* Task brief *
Reproduce each line, exactly, from the one containing "To make this" through the end of the material. Exclude pictures.

Recorded data Block Start

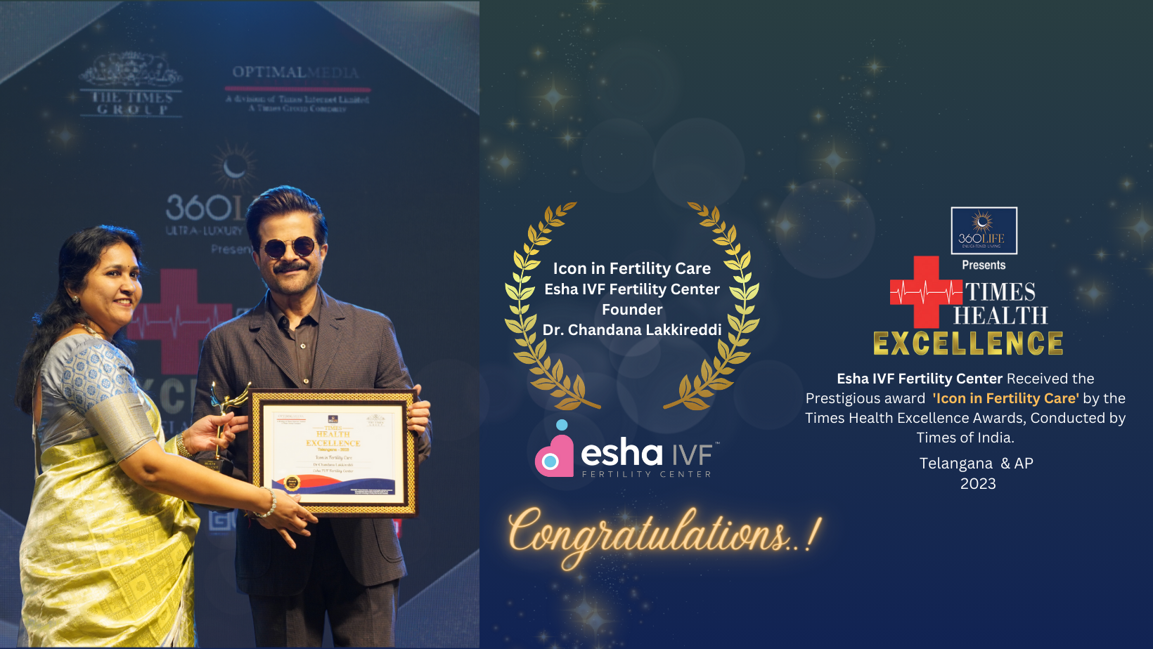Awarded the Times Health Excellence title of “Icon in Fertility Care” for AP and Telangana in 2023.
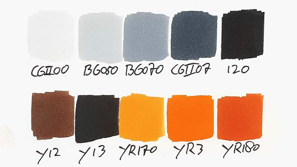 To make this drawing of Olaf, I used Ohuhu Honolulu markers in the colors Cool Grey II 0 (CGII00), Cool Grey 05 (BG050), Cool Grey 07 (BG070), Cool Grey II 07 (CGII07), Black (120), Mahogany (Y12), Chestnut Brown (Y13), Chrome Orange (YR170), Orange (YR3), and Lipstick Orange (YR180).
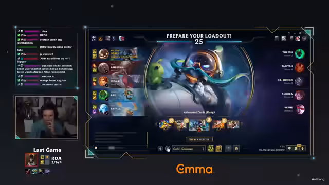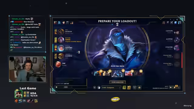 00:00:25Nach einer Pause begrüßt der Streamer sein Publikum und kündigt einen ehrlichen Versuch an, die 600 LP-Marke im Master-Rang zu erreichen. Er hat 531 LP und möchte die aktuelle Performanz verbessern, wobei er den hohen Spielevel in der Solo-Queue als stressig empfindet, aber dennoch Lust auf das Spiel hat. Der Tag wird durch die anstehende LEC abgerundet.

Recorded data Block End

* Solved problem *
 To make this drawing of Olaf, I used Ohuhu Honolulu markers in the colors Cool Grey II 0 (CGII00), Cool Grey 05 (BG050), Cool Grey 07 (BG070), Cool Grey II 07 (CGII07), Black (120), Mahogany (Y12), Chestnut Brown (Y13), Chrome Orange (YR170), Orange (YR3), and Lipstick Orange (YR180).
 00:00:25Nach einer Pause begrüßt der Streamer sein Publikum und kündigt einen ehrlichen Versuch an, die 600 LP-Marke im Master-Rang zu erreichen. Er hat 531 LP und möchte die aktuelle Performanz verbessern, wobei er den hohen Spielevel in der Solo-Queue als stressig empfindet, aber dennoch Lust auf das Spiel hat. Der Tag wird durch die anstehende LEC abgerundet.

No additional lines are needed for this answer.